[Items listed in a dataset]
☆ ☆ ☆ ☆ ☆

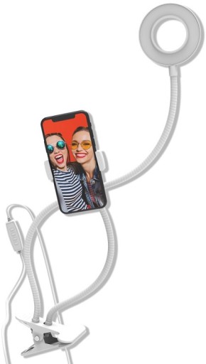 Ta elastyczna 3-calowa (7,6 cm) lampa pierścieniowa z uchwytem na telefon świetnie sprawdza się w nagrywaniu wideo, transmisjach na żywo i nie tylko.
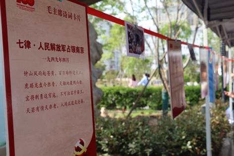 本次活动以党史知识竞赛和学习伟人诗词相结合的方式举办。毛主席诗词是他世界观、人生观、价值观的高度浓缩和艺术载体。从“问苍茫大地,谁主沉浮”到“天翻地覆慨而慷”,从上下求索到彻底改变中国命运。将毛主席的诗词做成卡片悬挂在活动会场四周,营造了浓厚的历史氛围。
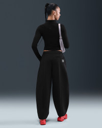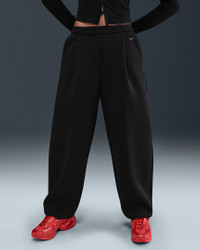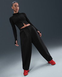 Suit up in these soft, midweight pants. Tailored details like an oversized pleat add dimension to the roomy fit for an elevated look. Product Details - Body: 50% modal/50% polyester. Pocket bags: 100% cotton. - Ribbing at waistband - Zipper and snap front closure - Articulated back leg seam - Pockets - Synthetic leather jock tag on right hip - Embroidered Swoosh logo on left hip - Machine wash - Imported - Shown: Black/Anthracite - Style: HV1964-010 SIZE & FIT Model is wearing size S and is 5′9″175cm Loose fit: roomy and relaxed Fl length: hits below ankle
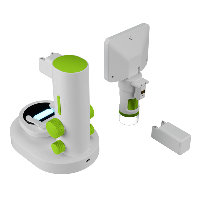 - Kan bruges som håndmikroskop, lup og bordmikroskop
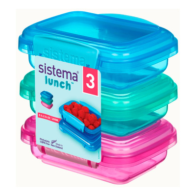 Förvaringslådor 200 ml i fina färger med Sistemas enkla och praktiska Klip It stängningsmekanism. De är perfekta att ta med i väskan, oavsett om det är för barnens fruktpaus eller för små snacks på jobbet.
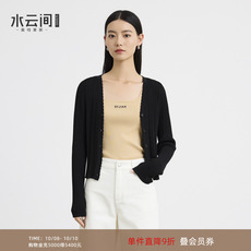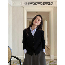 pusumede 自由旅人 黑色v领针织开衫女简约气质短款修身长袖上衣
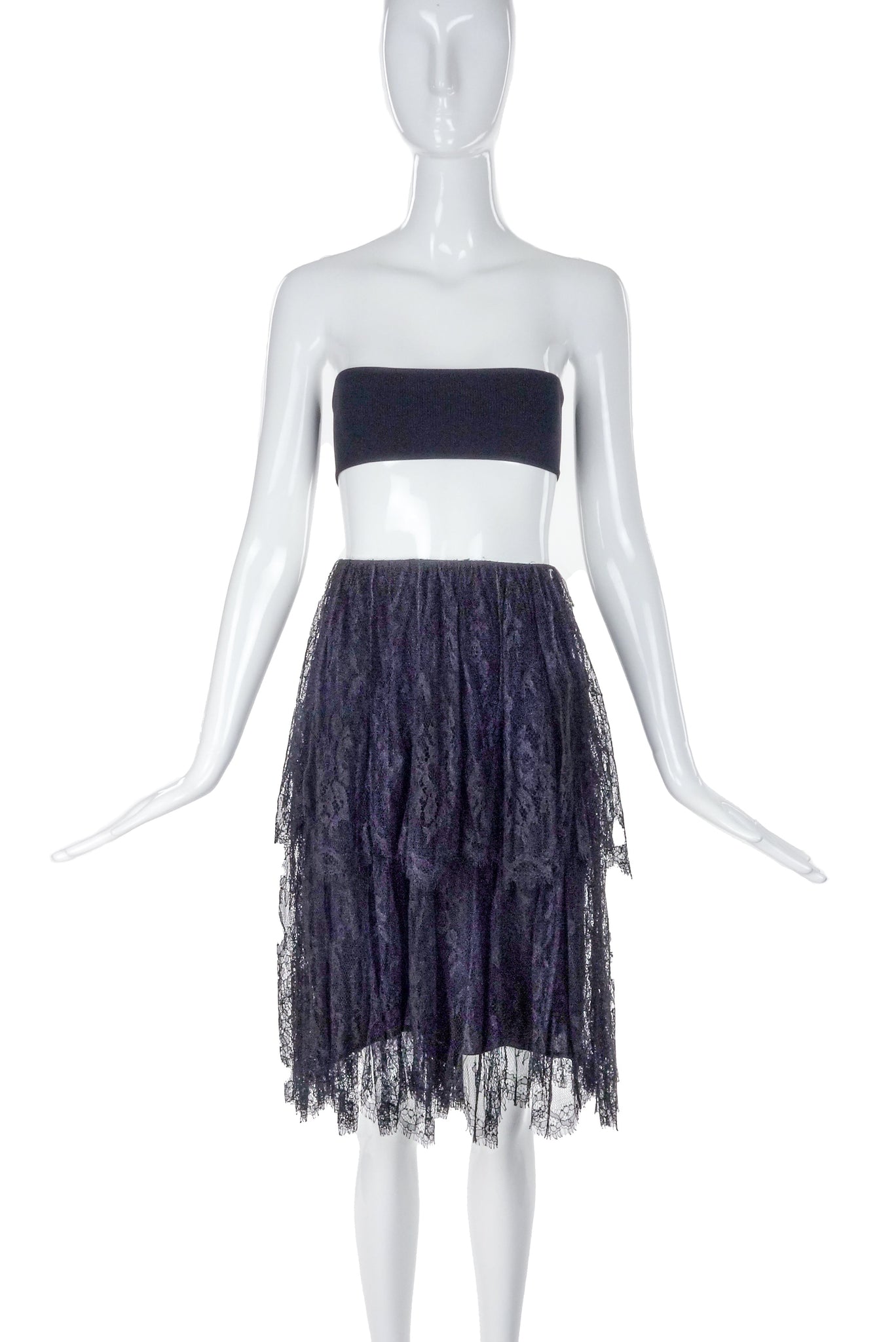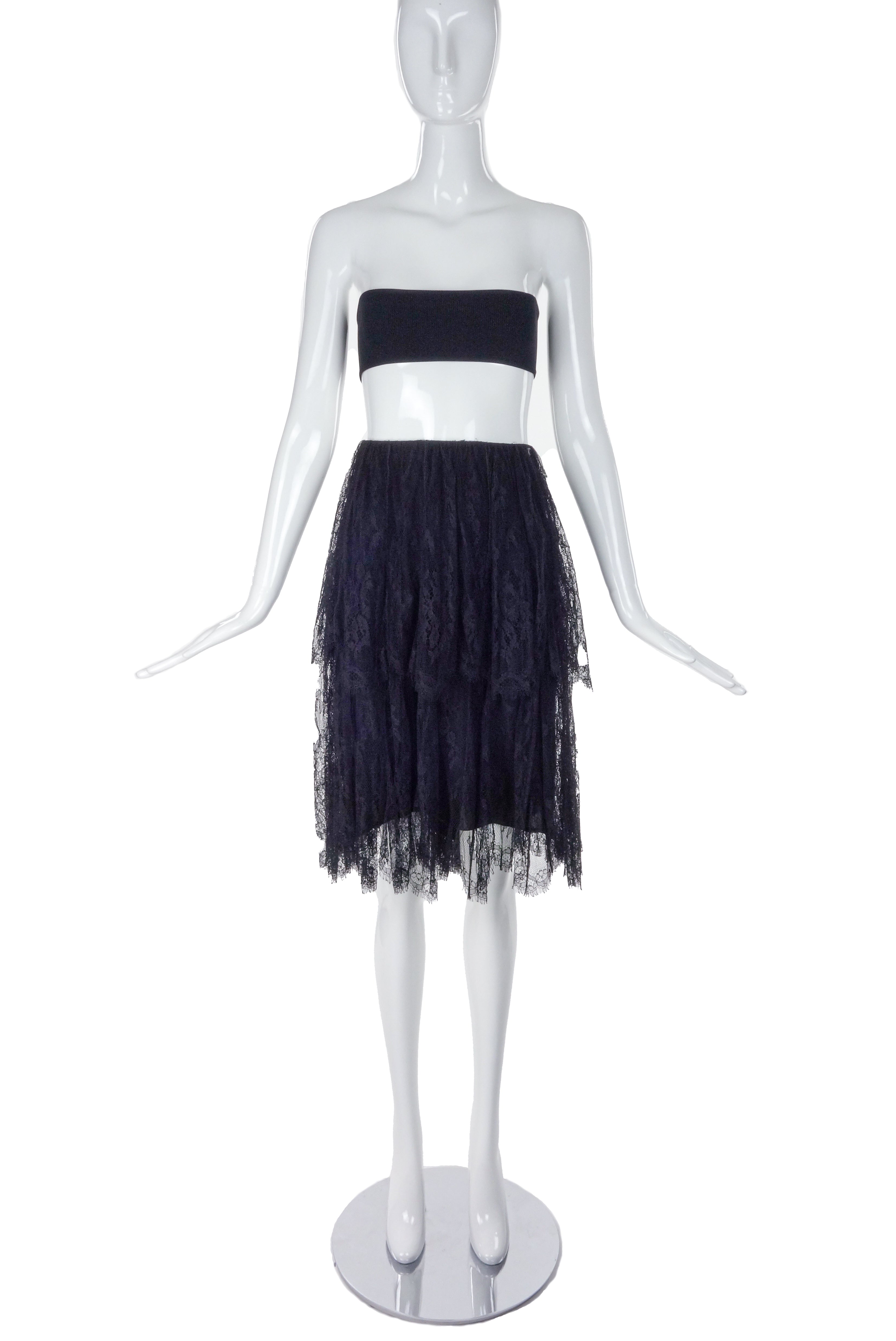 Chanel Black Floral Lace Tiered Skirt SS2001

☆ ☆ ☆ ☆ ☆

> **YOUR INSTRUCTIONS**: Reproduce each entry exactly as given; no pictures, please.

> **FINAL ANSWER**:
 Ta elastyczna 3-calowa (7,6 cm) lampa pierścieniowa z uchwytem na telefon świetnie sprawdza się w nagrywaniu wideo, transmisjach na żywo i nie tylko.
 本次活动以党史知识竞赛和学习伟人诗词相结合的方式举办。毛主席诗词是他世界观、人生观、价值观的高度浓缩和艺术载体。从“问苍茫大地,谁主沉浮”到“天翻地覆慨而慷”,从上下求索到彻底改变中国命运。将毛主席的诗词做成卡片悬挂在活动会场四周,营造了浓厚的历史氛围。
 Suit up in these soft, midweight pants. Tailored details like an oversized pleat add dimension to the roomy fit for an elevated look. Product Details - Body: 50% modal/50% polyester. Pocket bags: 100% cotton. - Ribbing at waistband - Zipper and snap front closure - Articulated back leg seam - Pockets - Synthetic leather jock tag on right hip - Embroidered Swoosh logo on left hip - Machine wash - Imported - Shown: Black/Anthracite - Style: HV1964-010 SIZE & FIT Model is wearing size S and is 5′9″175cm Loose fit: roomy and relaxed Fl length: hits below ankle
 - Kan bruges som håndmikroskop, lup og bordmikroskop
 Förvaringslådor 200 ml i fina färger med Sistemas enkla och praktiska Klip It stängningsmekanism. De är perfekta att ta med i väskan, oavsett om det är för barnens fruktpaus eller för små snacks på jobbet.
 pusumede 自由旅人 黑色v领针织开衫女简约气质短款修身长袖上衣
 Chanel Black Floral Lace Tiered Skirt SS2001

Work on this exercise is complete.